Write each line of the material exactly as given, from the top through the line that contains "ANTD.VN - Tiền", and omit all pictures.

# DATA EXTRACTS

********

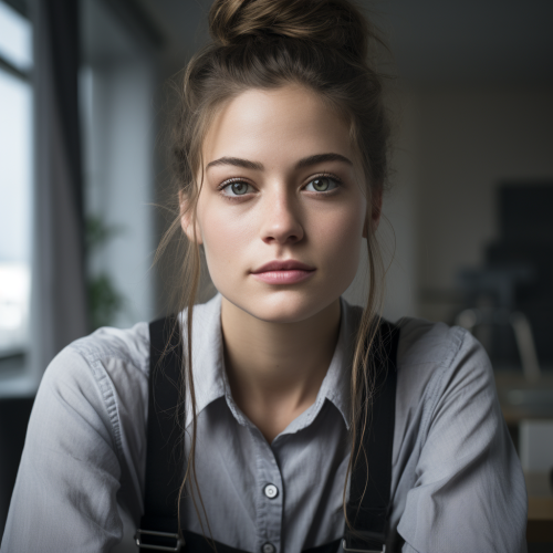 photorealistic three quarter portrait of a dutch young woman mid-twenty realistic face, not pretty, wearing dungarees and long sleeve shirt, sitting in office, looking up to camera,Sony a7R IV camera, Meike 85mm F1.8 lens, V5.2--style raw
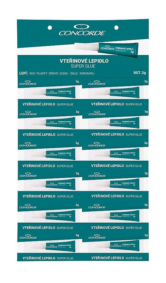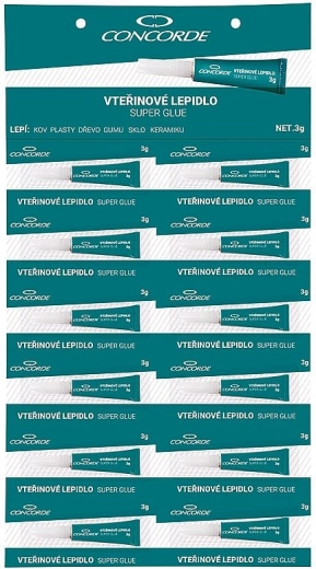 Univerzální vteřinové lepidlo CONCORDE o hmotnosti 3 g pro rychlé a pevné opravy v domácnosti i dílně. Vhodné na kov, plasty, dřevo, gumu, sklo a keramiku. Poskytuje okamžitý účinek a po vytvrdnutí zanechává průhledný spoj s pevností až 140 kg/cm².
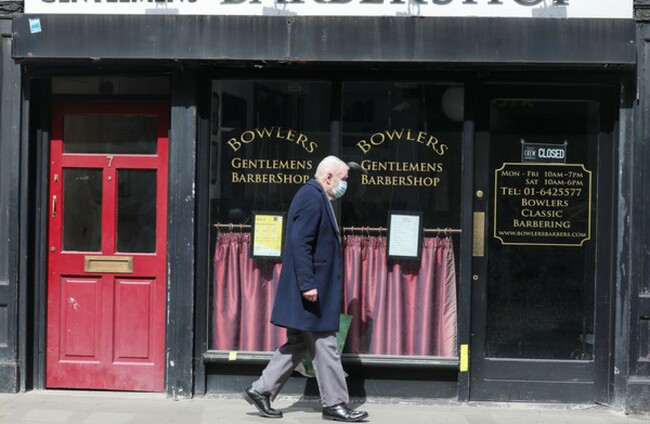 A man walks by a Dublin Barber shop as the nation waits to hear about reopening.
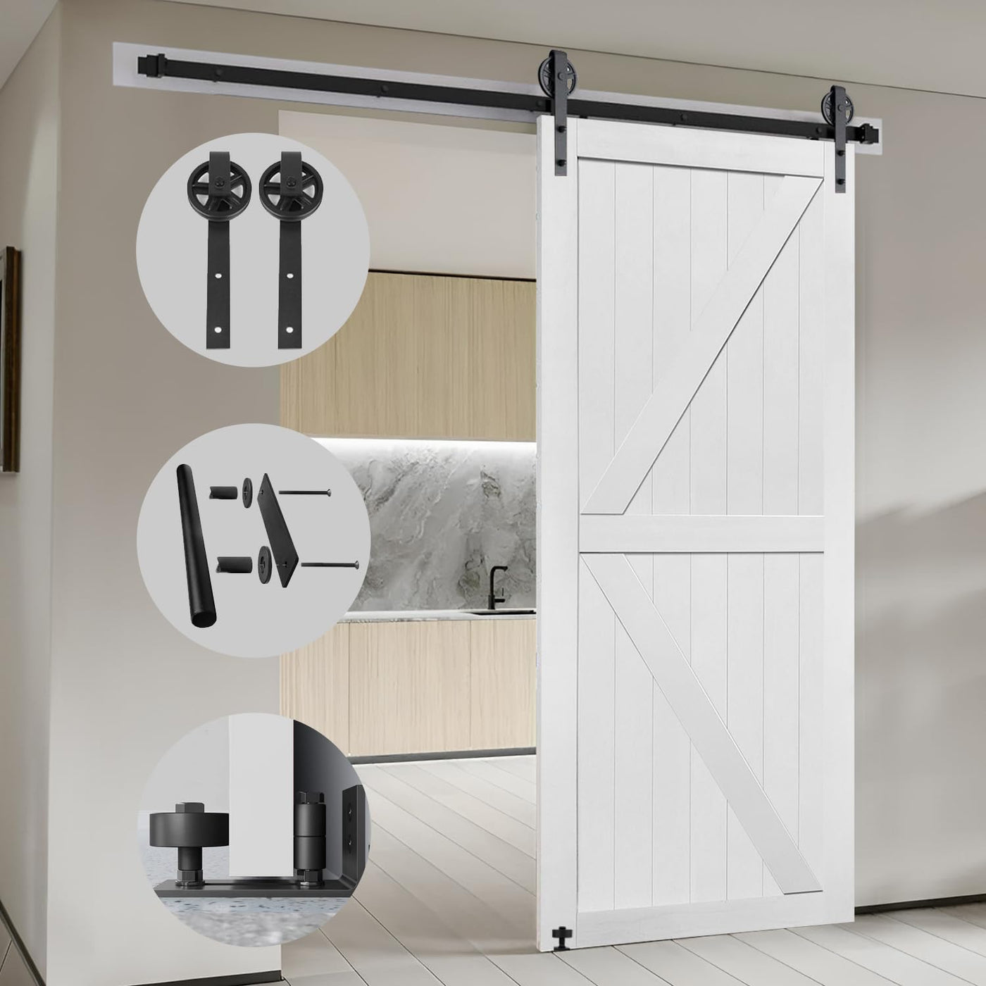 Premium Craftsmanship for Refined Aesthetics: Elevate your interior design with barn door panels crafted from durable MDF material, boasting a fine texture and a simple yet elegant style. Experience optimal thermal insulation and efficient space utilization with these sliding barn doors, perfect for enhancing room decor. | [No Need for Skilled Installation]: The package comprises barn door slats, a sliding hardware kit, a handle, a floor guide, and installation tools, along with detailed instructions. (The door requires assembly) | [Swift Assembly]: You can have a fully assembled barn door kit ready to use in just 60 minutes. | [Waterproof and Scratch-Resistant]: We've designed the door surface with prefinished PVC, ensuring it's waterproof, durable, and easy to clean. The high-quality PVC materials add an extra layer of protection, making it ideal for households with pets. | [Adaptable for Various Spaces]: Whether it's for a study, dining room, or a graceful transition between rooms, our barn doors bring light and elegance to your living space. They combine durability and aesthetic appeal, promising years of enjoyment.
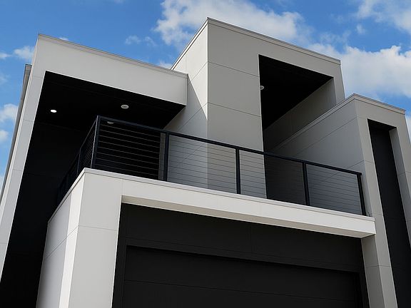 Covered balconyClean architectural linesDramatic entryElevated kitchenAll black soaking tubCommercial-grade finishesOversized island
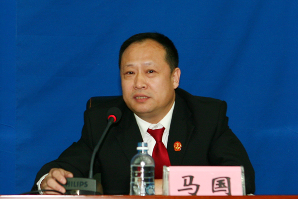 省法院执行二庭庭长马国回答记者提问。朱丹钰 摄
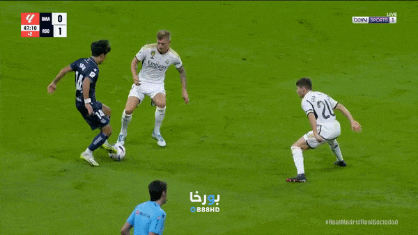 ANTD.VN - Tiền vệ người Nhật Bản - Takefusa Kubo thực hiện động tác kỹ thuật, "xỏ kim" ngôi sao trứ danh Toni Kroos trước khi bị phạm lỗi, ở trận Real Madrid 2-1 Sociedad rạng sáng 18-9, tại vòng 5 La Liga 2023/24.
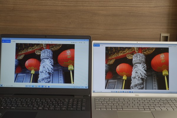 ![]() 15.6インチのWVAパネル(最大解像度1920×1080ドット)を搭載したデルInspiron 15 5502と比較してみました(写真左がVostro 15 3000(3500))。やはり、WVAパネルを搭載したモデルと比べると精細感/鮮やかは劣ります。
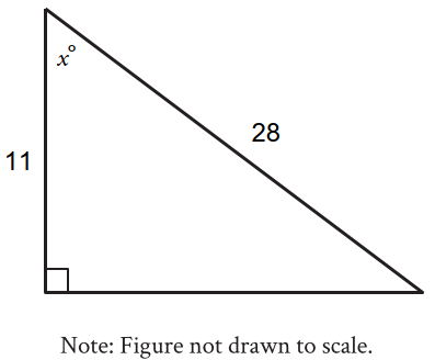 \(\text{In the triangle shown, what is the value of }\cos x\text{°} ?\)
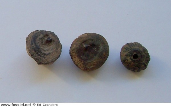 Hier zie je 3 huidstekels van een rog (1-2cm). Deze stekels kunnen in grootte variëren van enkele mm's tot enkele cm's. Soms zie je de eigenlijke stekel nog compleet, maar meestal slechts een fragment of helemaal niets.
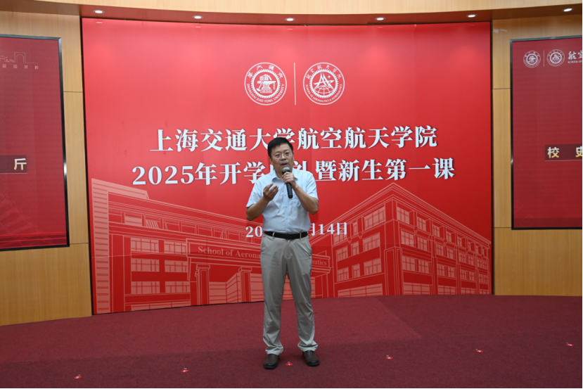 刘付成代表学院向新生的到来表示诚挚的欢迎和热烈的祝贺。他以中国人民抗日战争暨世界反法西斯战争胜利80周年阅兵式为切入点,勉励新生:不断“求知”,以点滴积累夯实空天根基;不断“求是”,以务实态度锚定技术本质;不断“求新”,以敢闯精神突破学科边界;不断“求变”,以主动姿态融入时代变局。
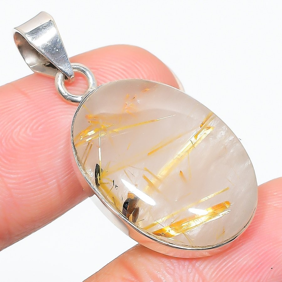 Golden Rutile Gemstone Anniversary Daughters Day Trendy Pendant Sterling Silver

********

# ANSWER SECTION
 photorealistic three quarter portrait of a dutch young woman mid-twenty realistic face, not pretty, wearing dungarees and long sleeve shirt, sitting in office, looking up to camera,Sony a7R IV camera, Meike 85mm F1.8 lens, V5.2--style raw
 Univerzální vteřinové lepidlo CONCORDE o hmotnosti 3 g pro rychlé a pevné opravy v domácnosti i dílně. Vhodné na kov, plasty, dřevo, gumu, sklo a keramiku. Poskytuje okamžitý účinek a po vytvrdnutí zanechává průhledný spoj s pevností až 140 kg/cm².
 A man walks by a Dublin Barber shop as the nation waits to hear about reopening.
 Premium Craftsmanship for Refined Aesthetics: Elevate your interior design with barn door panels crafted from durable MDF material, boasting a fine texture and a simple yet elegant style. Experience optimal thermal insulation and efficient space utilization with these sliding barn doors, perfect for enhancing room decor. | [No Need for Skilled Installation]: The package comprises barn door slats, a sliding hardware kit, a handle, a floor guide, and installation tools, along with detailed instructions. (The door requires assembly) | [Swift Assembly]: You can have a fully assembled barn door kit ready to use in just 60 minutes. | [Waterproof and Scratch-Resistant]: We've designed the door surface with prefinished PVC, ensuring it's waterproof, durable, and easy to clean. The high-quality PVC materials add an extra layer of protection, making it ideal for households with pets. | [Adaptable for Various Spaces]: Whether it's for a study, dining room, or a graceful transition between rooms, our barn doors bring light and elegance to your living space. They combine durability and aesthetic appeal, promising years of enjoyment.
 Covered balconyClean architectural linesDramatic entryElevated kitchenAll black soaking tubCommercial-grade finishesOversized island
 省法院执行二庭庭长马国回答记者提问。朱丹钰 摄
 ANTD.VN - Tiền vệ người Nhật Bản - Takefusa Kubo thực hiện động tác kỹ thuật, "xỏ kim" ngôi sao trứ danh Toni Kroos trước khi bị phạm lỗi, ở trận Real Madrid 2-1 Sociedad rạng sáng 18-9, tại vòng 5 La Liga 2023/24.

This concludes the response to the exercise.